Understanding Americans’ attitudes towards Canada-U.S. collaboration
· A majority of respondents would support periodical tariffs on imports from Canada if they supported local jobs (79%), but less than half would support them if they resulted in tariffs on exported American goods (41%), and only one in five people would support them if they resulted in local job losses (20%) or caused a trade war with Canada (18%).
· The majority of respondents are opposed to imposing tariffs on imports of certain kinds of Canadian lumber, if they contribute to higher housing costs for American homebuyers (77%) and if they add a tax on American businesses and consumers (74%). Similarly, just over half of respondents are opposed to imposing tariffs on certain kinds of Canadian lumber, if the US cannot produce enough lumber at home to meet its own demand (56%).

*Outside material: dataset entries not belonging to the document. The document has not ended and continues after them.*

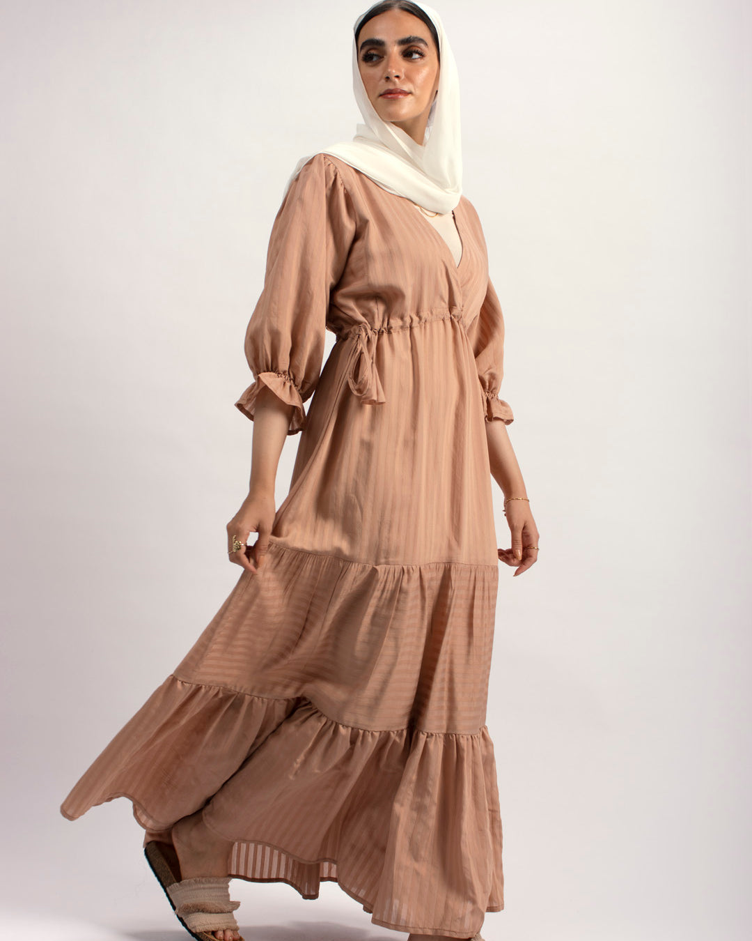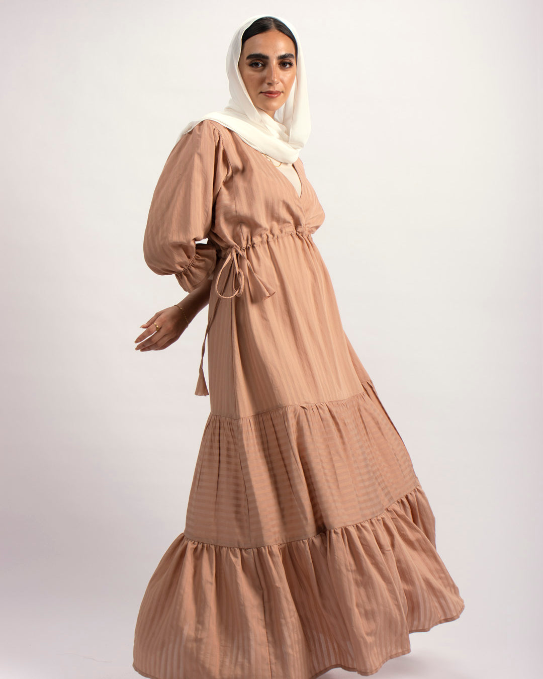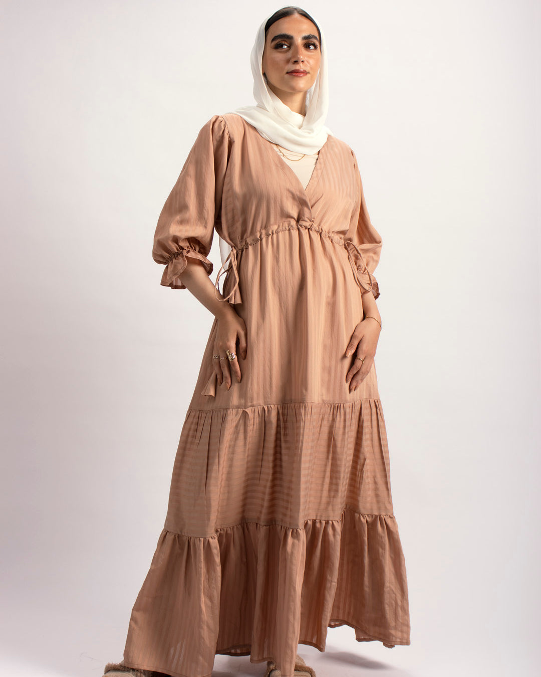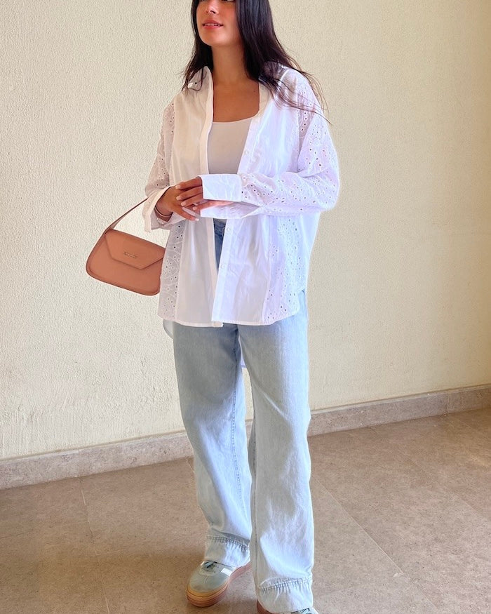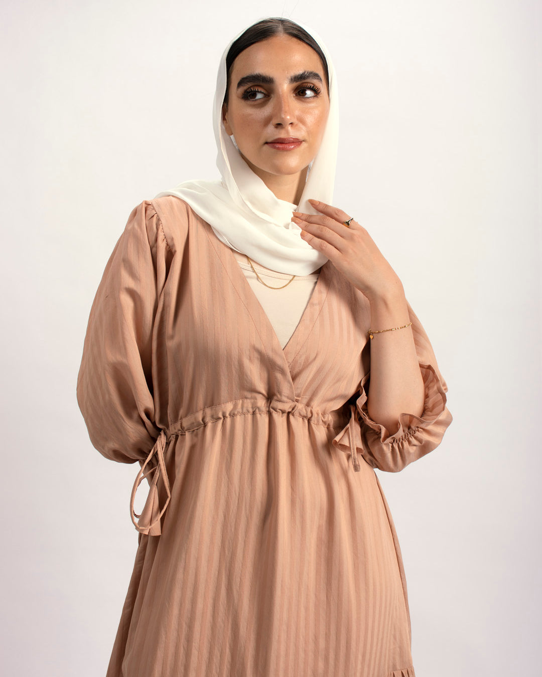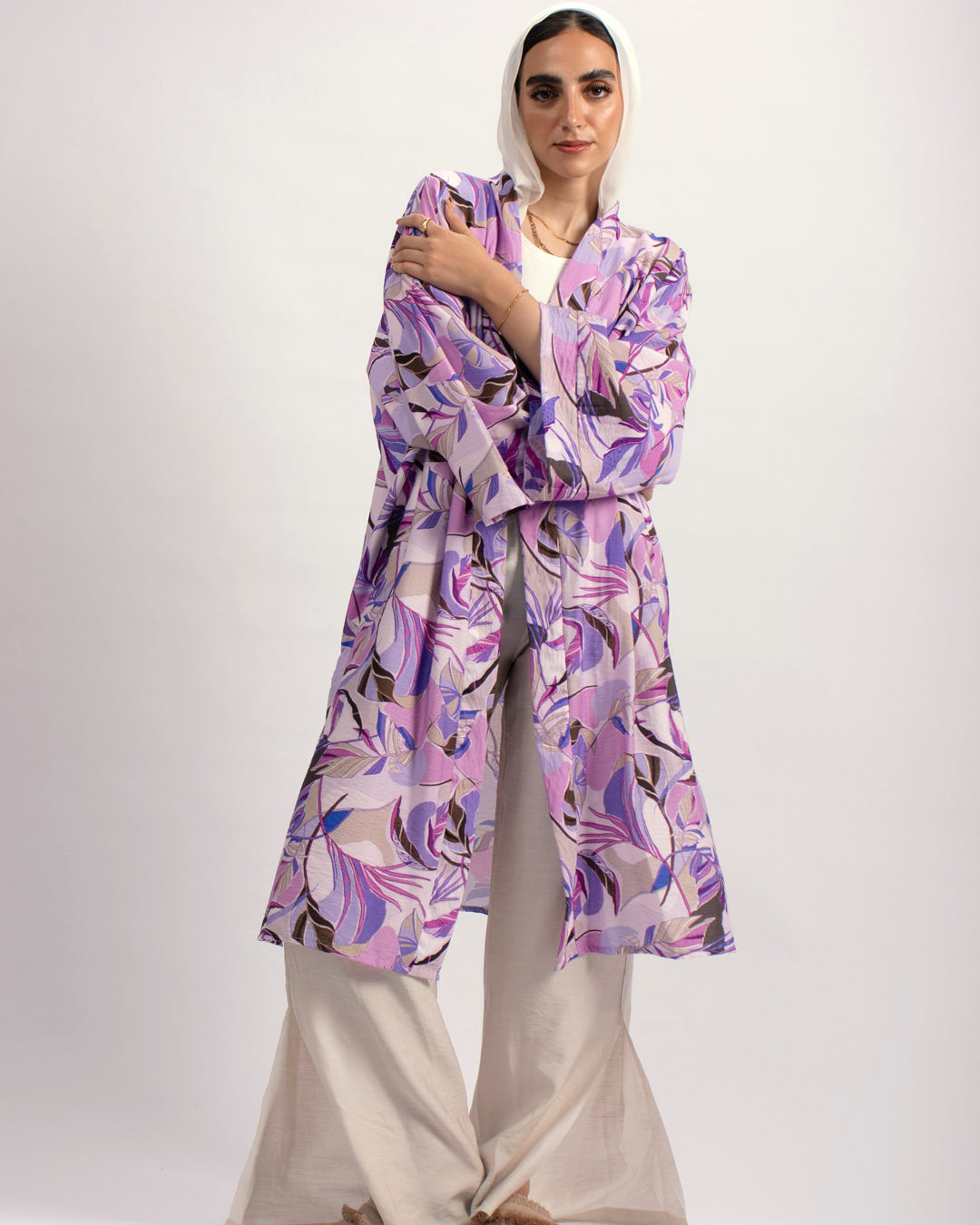 Handtrimmed Kaftan Dress – White
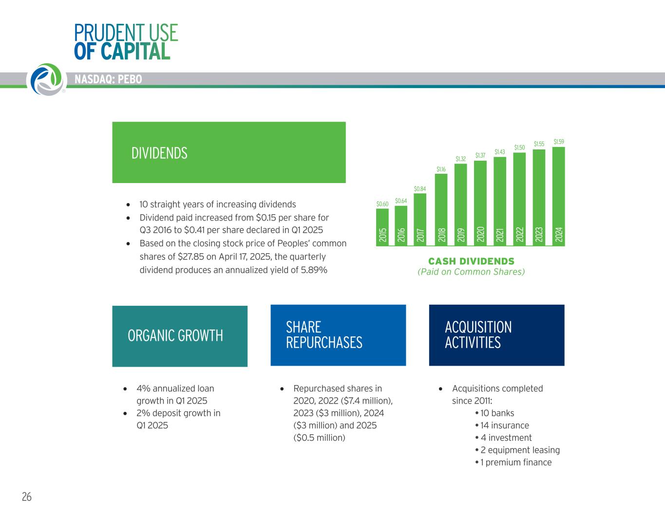 NASDAQ: PEBO 25WORKING TOGETHER. BUILDING SUCCESS. ® NASDAQ: PEBO 25% 21% 9% 6% 6% 4% 3% 3% 3% 2% 18% TOTAL C&I PORTFOLIO= $1.3 BILLION FOOD SERVICES RETAIL TRADE CONTRACTORS MANUFACTURING (FOOD, BEVERAGE, TEXTILE, LEATHER, WOOD, PAPER, CHEMICAL) REAL ESTATE AMBULATORY HEALTH CARE SERVICES WHOLESALE TRADE PROFESSIONAL, SCIENTIFIC, AND TECHNICAL SERVICES TRANSPORTATION MACHINERY MANUFACTURING OTHER 18% 11% 11% 9%8% 5% 3% 4% 3% 2% 27% TOTAL CRE LOAN PORTFOLIO* = $2.2 BILLION APARTMENT RETAIL INDUSTRIAL OFFICE BUILDING LODGING ASSISTED LIVING WAREHOUSE RESTAURANT MIXED USE HEALTHCARE OTHER 52% 21% 19% 3% 3% 0% 0% 2% GEOGRAPHIC DISPERSION OF TOTAL LOAN EXPOSURE (COMMITMENTS)^ OHIO KENTUCKY WEST VIRGINIA VIRGINIA MARYLAND WASHINGTON DC PENNSLYVANIA OTHER STATES LOAN COMPOSITION REFLECTS DIVERSIFIED RISK PROFILE LOAN COMPOSITION Data as of March 31, 2025. *Total includes commercial real estate and construction loans, and exposure includes commitments. **Top ten categories in terms of loan size are shown (remaining categories in other) ^ EXCLUDES PREMIUM FINANCE, NORTH STAR LEASING AND VANTAGE LEASING TOTAL C&I PORTFOLIO* = $1.3 BILLION TOTAL CRE PORTFOLIO* = $2.2 BILLION 26% NORTH STAR LEASING BY SEGMENTGEOGRAPHIC DISPERSION OF TOTAL LOAN EXPOSURE (COM ITME OHIO KENTUCKY WEST VIRGINIA VIRGINIA MARYLAND WASHINGTON DC PENNSYLV IA OTHER STATES 1 2 3 4 5 6 7 8 FOOD SERVICES RETAIL TRADE CONTRACTORS MANUFACTURING REAL ESTATE AMBULATORY SERVICES WHOLESALE TRADE PROFESSIONAL, SCIENTIFIC, AND TECHNICAL SERVICES TRANSPORTATION MACHINERY MANUFACTURING OTHER 1 2 3 4 5 6 7 8 9 10 11 APARTMENT RETAIL INDUSTRIAL OFFICE BUILDING LODGING ASSISTED LIVING WAREHOUSE RESTAURANT MIXED USE HEALTHCARE OTHER 1 2 3 4 5 6 7 8 9 10 11 RESTAURANT TITLED - VOCATIONAL TRUCKING/TRAILER/FLEET BREWERY/DISTILLERY HEAVY EQUIPMENT MANUFACTURING OTHER 1 2 3 4 5 6 7 21% 13% 10% 9% 8% 6% 33% NORTH STAR LEASING BY SEGMENT Restaurant Titled - Vocational Titled - Trucking/Trailer/Flee t Brewery/Distillery Heavy Equipment Manufacturing - Production Other
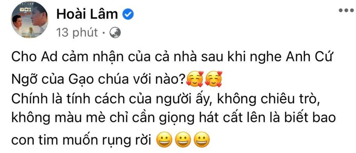 Sau thời gian im lặng, gánh chịu chỉ trích, ngày 12-5, phía Hoài Lâm lên tiếng đầy ẩn ý: "Chính tính cách của người ấy, không chiêu trò, không màu mè, chỉ cần giọng hát cất lên là biết bao con tim muốn rụng rời".
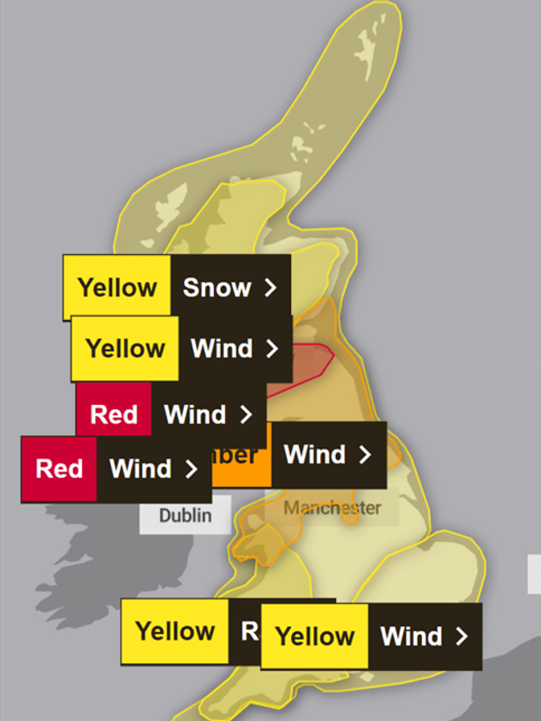 The red alert is the Met Office’s most serious weather warning and will likely cause “substantial disruption to travel, energy supplies and possibly widespread damage to property and infrastructure”, according to the agency.
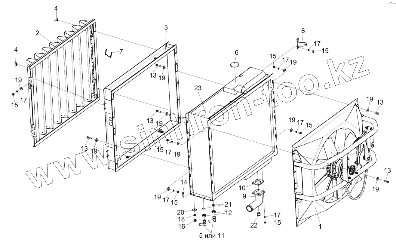 Каталог запасных частей к технике: Гомсельмаш КЗС-575. Установка радиатора КЗК-5-4-0106040
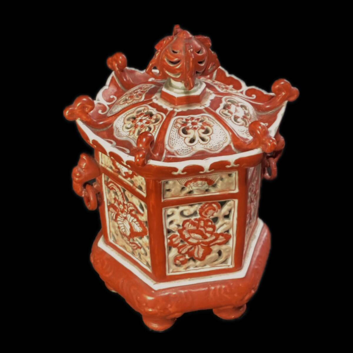 - 幻の焼物 越中丸山製 赤絵香炉 幕末〜明治前期 丸山焼き
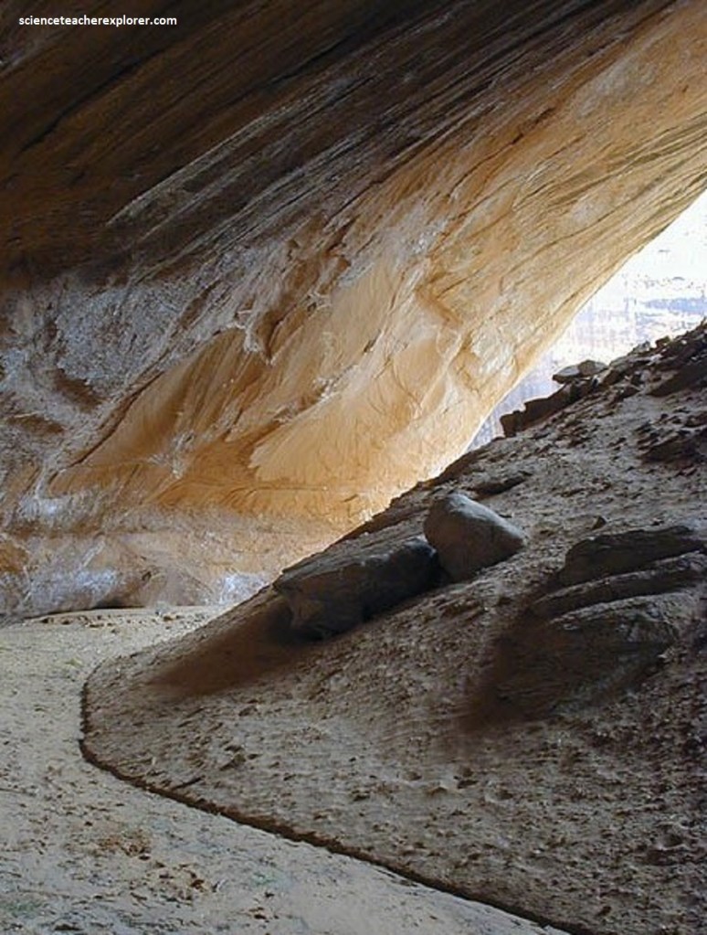 The Navajo is a light-colored, fine- to medium grained, massive sandstone. As mentioned above, it displays an elaborate array of high-angle cross-beds and forms cliffs, domes, monuments, and other bizarre erosional forms. The light coloration of the Navajo has been described with almost every color; white, tan, buff, salmon, pink, vermilion, brown, red, yellow, cream, orange, and gray. Hematitic (iron oxide) cement produces the red colors, limonite the yellows, and ferrous iron minerals the browns and local greens. Most of the grains are sub-rounded to well rounded, well sorted, frosted, and quartzose. Much of the Navajo is lightly cemented and friable, producing sand at the bottom of gulches like Coyote Gulch. Below the Navajo Sandstone and older is the Keyenta Formation. Here in Coyote Gulch, the Keyenta Formation intertongues with the

· Collaboration between the U.S. and Canada is seen as important in all areas of defense: maintaining continental (86%) and border (85%) security, defending North America (85%), promoting world peace and stability (84%), and maintaining U.S. national security (83%).
· A majority of respondents also agreed that the two countries need to closely coordinate their responses to global challenges presented by countries such as China, Russia, and Iran (85%), that Canada contributes sufficiently in the NORAD (80%), and in defending the Arctic (78%).
· Regarding the management of their shared border, both Canada and the U.S. got similar ratings: around seven in ten considered that Canada's (72%) and the U.S.' (69%) management of the border contributes to the U.S. economy, and between a fifth and a third of respondents had a negative perception of the countries' management of the border.
· A vast majority of respondents agreed that Canada develops its natural resources more responsibly than other countries (84%).
· As far as energy is concerned, a majority of respondents would support importing more energy from Canada, if it supported new jobs (87%), increased U.S. national security (85%), meant reducing imports from other countries like Saudi Arabia or Russia (82%), and even if it required new infrastructure (75%). A little less than half would support more energy imports from Canada, if it produced more greenhouse gas emissions (48%).
· Terminology-wise, terms like "energy infrastructure" and "energy imports" were preferred to "pipelines" and "oil and gas imports" as they had less of a negative connotation. 84% and 83% of respondents stated they would support building more energy infrastructure between the two countries and increasing energy imports from Canada.
· Seven in ten agreed that the U.S. could learn from Canada with respect to working with racialized communities (70%).
MaxDiff analyses – argument and message evaluation
· Two MaxDiff analyses were conducted to respond to different objectives. The first one was aimed at determining the key arguments that resonate with U.S. citizens regarding collaboration between the United States and Canada. Four out of the six arguments obtained fairly similar scores: defence cooperation (23), jobs (21), climate change (20), and energy (19). Diversity and inclusion were twice (11) less important than defence, and unique product supplies (6) scored the lowest.
· The second MaxDiff analysis helped determine the importance of several messages pertaining to U.S.-Canada collaboration and conflict resolution. The top argument was “Canada firmly believes that a mutually acceptable agreement - one that brings stability and predictability to the sector - is in the best interests of both countries and remains the best outcome to the dispute” with an importance score of 37, four times more important than the last argument “If we continue down this road, Canada will have no choice but to retaliate against the United States” with a score of 9.
The views and observations expressed in this document do not reflect those of Global Affairs Canada. This report was compiled by Leger based on the research conducted specifically for this project.
Funded and operated by NORC at the University of Chicago, AmeriSpeak® is a probability-based panel designed to be representative of the U.S. household population. Randomly selected U.S. households are sampled using area probability and address-based sampling, with a known, non-zero probability of selection from the NORC National Sample Frame. While the AmeriSpeak® panel is meant to be representative of the U.S. population, it is not probabilistic; the results cannot be inferred to the general population of the United States.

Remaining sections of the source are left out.